Throughout the period of the Institute's existence, Bennett had been toying with the idea of founding a spiritual community. He saw the Sermon on the Mount as a document describing the true community. His contact with Idries Shah combined this in his mind with the possibility of establishing a Power House where 'enabling energies' could be concentrated. He set his sights on some kind of self-sufficient community, populated by Sherborne graduates, to evolve out of the school. He was profoundly influenced by contemporary ideas, such as those of Schumacher, about the need for alternative technology and by the argument of conservationists for intelligent, ecologically sound agriculture. He was also greatly impressed that his spiritual hero and inner teacher, Khwaja Ubaidallah Ahrar (15th century) had turned to farming after his period of training.

Soaring price of land in the UK led to Bennett's interest in starting something in the USA. In 1974, he signed an agreement whereby the Institute loaned $100,000 to a newly formed society for the foundation of a psychokinetic community. He signed this document shortly before his death on December 13, 1974.

The Claymont Society was founded to attempt to carry out Bennett's vision, but without the help of his guidance.

In the Summer of 1974, he visited the Maharishi Mahesh Yogi in Rome to question him about Transcendental Meditation and his interpretation of the Bhagavad Gita. Bennett had been initiated into TM several years before and first met the Maharishi in 1959. He disputed Maharishi's presentation of the Gita in which he eliminated the need for sacrifice and suffering.

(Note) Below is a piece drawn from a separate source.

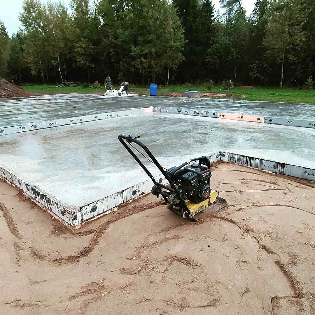 Особенностью фундамента является то, что он, в отличие от других типов, на глубину промерзания грунта не заглубляется. Перед заливкой бетонной смеси формируется основание из смеси песка с щебнем и тщательно утрамбовывается. На этом основании фундамент будто плавает, поэтому его еще называют «плавающей плитой».

In the last year of his life, he gradually made it known to those working with him, that his own personal task centred on the creation of a way of religious worship that would be accessible to men and women of the West who were lacking in religious formation. During this period he made experiments with the Islamic namaz and Sufi zikr.

The teachings he developed in his last years were recorded and published in a series of books put together by Anthony Blake. He showed that at last he was independent of Gurdjieff and had his own understanding of the spiritual world, based on a radical questioning of all current assumptions.

Bennett died on Friday, December 13, 1974, shortly after the start of the fourth course. That course, and the fifth, were completed by his wife, working with a few of his most experienced pupils.

With his death the Institute was faced with the typical problems of a body which had been led almost single-handedly by one man since its inception. The decision was taken to continue the Academy's work until the five-year period, originally specified by Bennett, had been completed. The setting up of the USA community at Claymont Court, West Virginia, went ahead..

In the months before he died, Bennett worked to establish an experimental "ideal human society" embodying the methods and ideas that he had developed and derived from Gurdjieff. He made substantial efforts to overcome the rifts that had grown between different groups of Gurdjieff's followers, and was beginning to talk about the development of new forms of worship appropriate for the modern world.